Um, so those interactions have to be very valuable
and they can be, um, between children
and between children and adults.
So that's what sustained shared thinking is,
that's the definition.
Um, and that's where there's a few of the examples
that you might have, but what are the benefits?
Why do we bother doing that?
Because it does take time
and I've already said it takes extra effort.
If you're going to clarify a problem like that,
what are the benefits?
You get to know the children in more depth, um,
and really can tune in
and attune to the children, um, on an emotional level.
So that builds those, um, relationships
that trust the respect for the children's view
and listening through children's voice, whether
that is an actual voice that you are listening to
or in the case of babies, whether, whether you are, um,
appreciating what it is that they're trying to communicate
to you in their own way.
So you'll get to know your own children
and you'll get to know their own interests.
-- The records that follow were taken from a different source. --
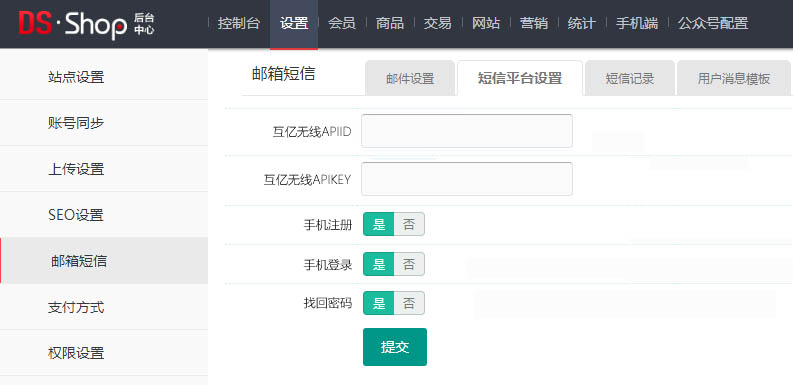 3、使用管理员账号登录系统后台,依次进入【设置】→【邮箱短信】→【短信平台设置】页面,服务商选择「互亿无线」,填写互亿无线 APIID、APIKEY,配置完成后点击「立即保存」。
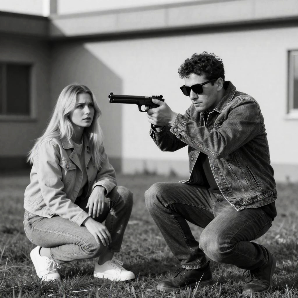 Dramatic Scene in a Dim Hallway
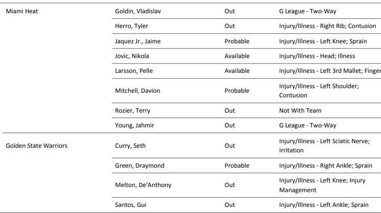 Thankfully, today’s injury report is clear, and it looks like Butler will be back with the team. The Warriors will be playing without Gui Santos (still recovering from that rolled ankle), and De’Anthony Melton (back-to-back game management). The Warriors host the Toronto Raptors tomorrow, so expect Melton to return for that and Al Horford should play tonight but be out tomorrow. Playing the long game!

Obviously that's important
for things like schematic play if you're looking for schemas
and also for understanding where they are, um,
in the family, in the community,
and understanding some of those wider issues as well.
Children's metacognition is improved,
which is a lifelong skill, um, that will support children.
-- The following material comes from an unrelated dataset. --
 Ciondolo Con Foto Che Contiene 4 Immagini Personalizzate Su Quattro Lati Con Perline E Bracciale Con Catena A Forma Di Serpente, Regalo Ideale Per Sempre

Metacognition is understanding about our own understanding.
So for example, if I asked you to add seven
and eight, you might do that two different ways
or three different ways even.
Um, you might say, well, seven and seven add one
because that's eight is seven plus one.
Or you might say, um, five and two and five and three.
There's loads of different ways that you can do that.
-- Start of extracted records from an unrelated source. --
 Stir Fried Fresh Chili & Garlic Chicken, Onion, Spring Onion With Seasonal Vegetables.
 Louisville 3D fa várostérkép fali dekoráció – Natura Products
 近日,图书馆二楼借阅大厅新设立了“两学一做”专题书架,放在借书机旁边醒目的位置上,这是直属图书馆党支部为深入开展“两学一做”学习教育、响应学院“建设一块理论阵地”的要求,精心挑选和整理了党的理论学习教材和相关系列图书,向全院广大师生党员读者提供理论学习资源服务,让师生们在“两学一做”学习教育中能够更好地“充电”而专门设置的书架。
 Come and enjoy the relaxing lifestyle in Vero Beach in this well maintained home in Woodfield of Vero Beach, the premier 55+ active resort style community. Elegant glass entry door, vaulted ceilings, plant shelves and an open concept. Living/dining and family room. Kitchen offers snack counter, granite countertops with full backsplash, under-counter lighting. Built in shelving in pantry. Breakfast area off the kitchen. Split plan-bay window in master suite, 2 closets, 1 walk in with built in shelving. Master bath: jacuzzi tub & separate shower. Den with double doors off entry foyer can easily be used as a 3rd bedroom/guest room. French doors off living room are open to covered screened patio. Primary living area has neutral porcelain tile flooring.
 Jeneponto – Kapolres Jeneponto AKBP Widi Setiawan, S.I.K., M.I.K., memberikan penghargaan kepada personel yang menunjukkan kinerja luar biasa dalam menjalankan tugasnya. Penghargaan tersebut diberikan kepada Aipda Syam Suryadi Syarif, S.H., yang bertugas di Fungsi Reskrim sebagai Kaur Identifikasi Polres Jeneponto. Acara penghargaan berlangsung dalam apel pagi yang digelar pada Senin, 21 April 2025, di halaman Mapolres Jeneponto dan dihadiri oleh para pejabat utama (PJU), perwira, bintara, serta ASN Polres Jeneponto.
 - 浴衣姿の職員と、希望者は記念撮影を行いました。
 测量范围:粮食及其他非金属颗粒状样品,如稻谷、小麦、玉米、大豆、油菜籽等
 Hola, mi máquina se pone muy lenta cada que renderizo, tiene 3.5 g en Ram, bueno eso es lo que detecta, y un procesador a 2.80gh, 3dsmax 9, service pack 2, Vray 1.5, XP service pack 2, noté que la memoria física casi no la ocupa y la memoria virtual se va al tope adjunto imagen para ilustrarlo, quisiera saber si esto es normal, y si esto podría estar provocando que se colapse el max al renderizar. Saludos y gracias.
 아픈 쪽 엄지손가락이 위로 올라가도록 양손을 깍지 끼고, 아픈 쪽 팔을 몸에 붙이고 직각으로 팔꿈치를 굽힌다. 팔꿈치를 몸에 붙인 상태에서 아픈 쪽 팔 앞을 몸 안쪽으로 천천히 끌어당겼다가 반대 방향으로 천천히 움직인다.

But understanding how you do
that in your own head is understanding your own cognition.
Your metacognition children need to be shown
that they are thinking in a certain way
and just as importantly, that other people
and other children may think in a different way.
They may not be aware of that thinking going on
because obviously you can't hear it inside people's heads.
But when you're having a piece of sustained shared thinking
and you're clarifying a problem maybe
or you're talking about something, it's a great way
for children to understand that other children
and other adults have different perspectives,
have different views, have different ways
of solving the same problem.
And neither is right or wrong,
it's just a different way of doing things.
And that meta cogni cognition,
understanding about our own thinking is something
that they will need in the future.
And it's something that they can get started
with certain in the early years
and really helps 'em understand maybe if they hit a problem
that there's maybe another way round of doing this,
that there isn't just one solution,
it encourages a mastery disposition.
So discussing with children, respecting their views,
encourage them to think through their own problems
so they solve it themselves rather than just saying, oh,
come here, I'll do it for you.
Let them think about it
and talk about it until they solve it.
There themselves encourages that mastery, that disposition,
the try, try, try again.
I can do this. And that's excellent for self-esteem,
for PSCD, for personal social and emotional development.
Obviously it almost goes without saying that it's excellent
for communication and language
and supports all those communication skills.
As a practitioner, you can give, um, those words
to the children, you can use the more
complex sentence structures.
There's lots that you can do
with language when you're having a piece
of sustained shared thinking, just kind
of without the children even
noticing that you are doing that.
And obviously communication, turn, taking, waiting, knowing
that communication is that backwards
and forwards, um, that that goes on.
That's what will happen in sustain shared thinking
and it's a great way
to do it without having a formal sit down, um,
lesson about it.
And it's something that they're interested in as well.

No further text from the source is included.